● **INFORMATION PROVIDED**

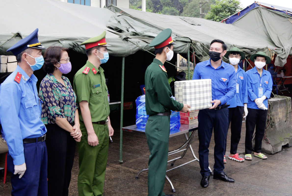 Buổi chiều cùng ngày, đoàn công tác thứ 2 của Tỉnh đoàn Quảng Ninh do đồng chí Phạm Hồng Thái làm trưởng đoàn cũng đã đến thăm tặng quà động viên các đội thanh niên xung kích đang cùng lực lượng chức năng trực, làm nhiệm vụ tại một số chốt kiểm soát dịch Covid -19 trên địa bàn TP. Hạ Long.
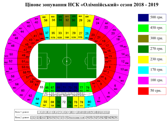 На игру доступны билеты следующих ценовых категорий: 50, 100, 170, 230, 270, 300, 450 и 500 гривен.
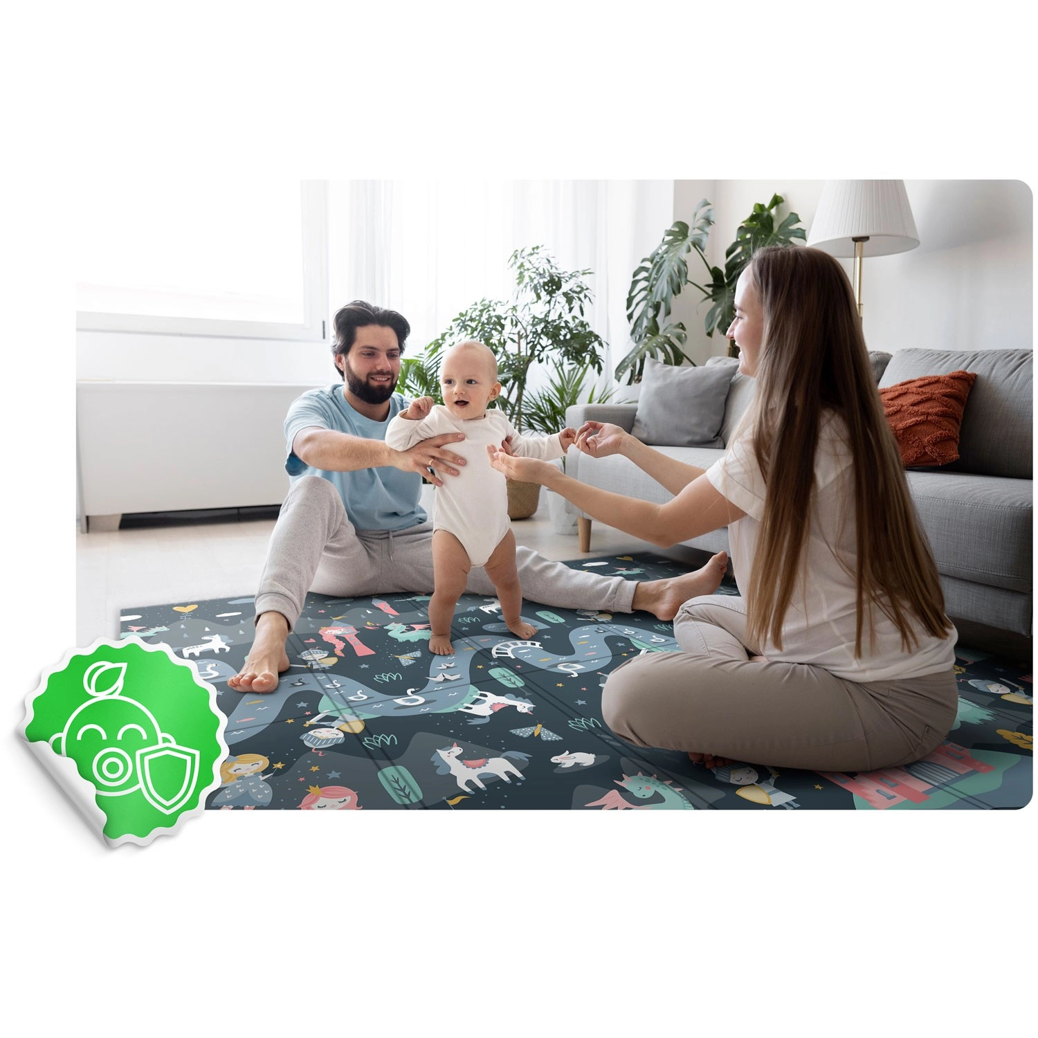Salteaua pliabilă pentru copii NUKIDO, cu dimensiunile 200 × 150 × 1 cm, oferă amortizare moale a căzăturilor, design față-verso cu ilustrații fermecătoare și curățare ușoară pentru joaca zilnică. Este impermeabilă, antiderapantă și, datorită spumei XPE fără BPA, PVC și ftalați, este sigură chiar și pentru alergici. Se pliază rapid într-o formă compactă, astfel încât o puteți depozita ușor sau lua la picnic, la antrenamente ori în călătorii.

● **PROBLEM**
Reproduce the lines above exactly, image-free.

● **ANSWER FOR THIS EXERCISE**
 Buổi chiều cùng ngày, đoàn công tác thứ 2 của Tỉnh đoàn Quảng Ninh do đồng chí Phạm Hồng Thái làm trưởng đoàn cũng đã đến thăm tặng quà động viên các đội thanh niên xung kích đang cùng lực lượng chức năng trực, làm nhiệm vụ tại một số chốt kiểm soát dịch Covid -19 trên địa bàn TP. Hạ Long.
 На игру доступны билеты следующих ценовых категорий: 50, 100, 170, 230, 270, 300, 450 и 500 гривен.
Salteaua pliabilă pentru copii NUKIDO, cu dimensiunile 200 × 150 × 1 cm, oferă amortizare moale a căzăturilor, design față-verso cu ilustrații fermecătoare și curățare ușoară pentru joaca zilnică. Este impermeabilă, antiderapantă și, datorită spumei XPE fără BPA, PVC și ftalați, este sigură chiar și pentru alergici. Se pliază rapid într-o formă compactă, astfel încât o puteți depozita ușor sau lua la picnic, la antrenamente ori în călătorii.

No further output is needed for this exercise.